Somewhat in contrast with [3], we have shown in Sect. 6.2.1 that reactive (or more akin to their proposed “adaptive”) controllers do not necessarily deteriorate task performance metrics to a significant degree and might even improve on certain metrics. This could be due to the fact that in this work control on a lower level is considered, leading to faster and more robust trajectory generation, as opposed to high-level task planning. As discussed, the number of objective metrics which apply are limited by considering perturbations and interruptions in a handover setting. Nevertheless, considered metrics represent a suitable baseline for objective performance analysis and encourage further considerations for metrics that could be employed in similar scenarios. As HRC tasks can range in complexity, and the experience is shaped by multiple criteria (as explored in the subjective survey), additional objective metrics are needed to accurately assess the interaction. As stated, literature on less-structured handover tasks is sparse, and as it develops hopefully more objective metrics will be proposed.

Considering the results of task performance metrics and the subjective survey, the “fast reactive” (R2) controller could provide a good trade-off between quality and efficacy. The proposed controller does not deteriorate significantly task completion time, while significantly improving the percentage robot idle time and the subjective metrics.

8 Conclusion

In this paper, a method for robust handovers with online trajectory generation using DMP is proposed. This method allows for dynamic handovers which take cues from human hand motion, and thus allow the robot to coordinate accordingly. The approach has been shown to be capable of stopping when appropriate, persisting through minor disturbances on the partner’s trajectory, and completing the task. Then, the method was assessed through coordination analysis and validated through objective task performance metrics and a subjective survey on user experience.

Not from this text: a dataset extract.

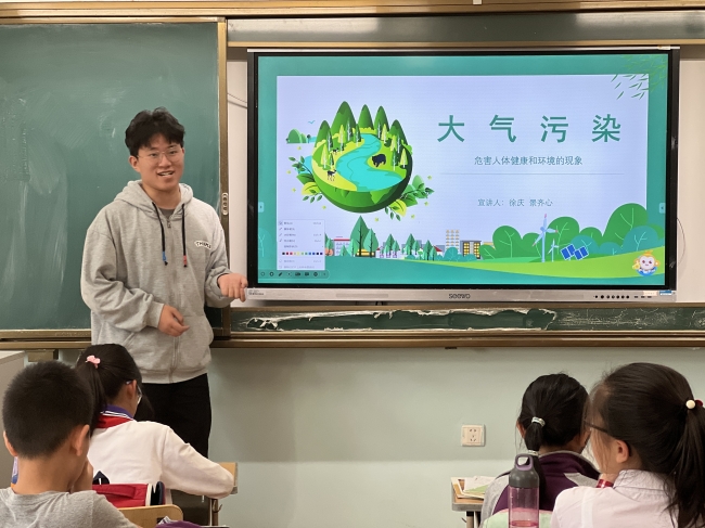 2023年5月23日、24日下午,304永利集团生环小课堂讲师团和团委员工会实践部成员前往304永利集团附属紫竹小学和永德实验小学开展走进大气污染的环境教育课,向小员工们介绍了大气污染的概念、危害以及如何防治大气污染。担任本次课程的讲师是徐庆和景齐心同学。

While this paper was focused on the temporal aspect of coordination, and thus handover location was predetermined, extension with a goal-free implementation is in development. Thus, a complete framework for online trajectory generation for dynamic and robust handover can be presented. Furthermore, as simplistic hand release was used in this work, reactive capabilities could be added to the release controller to improve the fluency of the task. While implemented virtual compliance made the release more natural as the robotic hand was compliant to human pull, the release triggered by force threshold could be deemed as “stiff” by human partners.

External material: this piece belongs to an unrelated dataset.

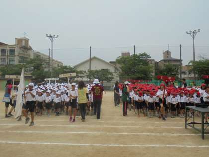 5月24日(水)の1・2校時に,6月3日(土)に実施する運動会に向けての全校練習を行いました。まず初めに,入場行進の練習を行い,その後開会式の練習をしました。開会式の練習では,校歌を歌ったり宣誓の練習をしたり,準備体操の練習をしたりしました。そして,最後に退場の練習をしました。

It is apparent that HRC research can benefit from methods that can use implicit cues to be more robust against uncertainty or unexpected external factors. This is particularly the case for methods where the robot is made to learn some behavior: it is easy to showcase a correct execution, but it is difficult to learn all the ways in which it can go wrong. Extended research on this topic could lead to a more standardized analysis of managing disturbances and unexpected behavior. Having better-suited objective metrics to assess these kinds of scenarios would greatly benefit the research community and robotic development for real-world HRC in general.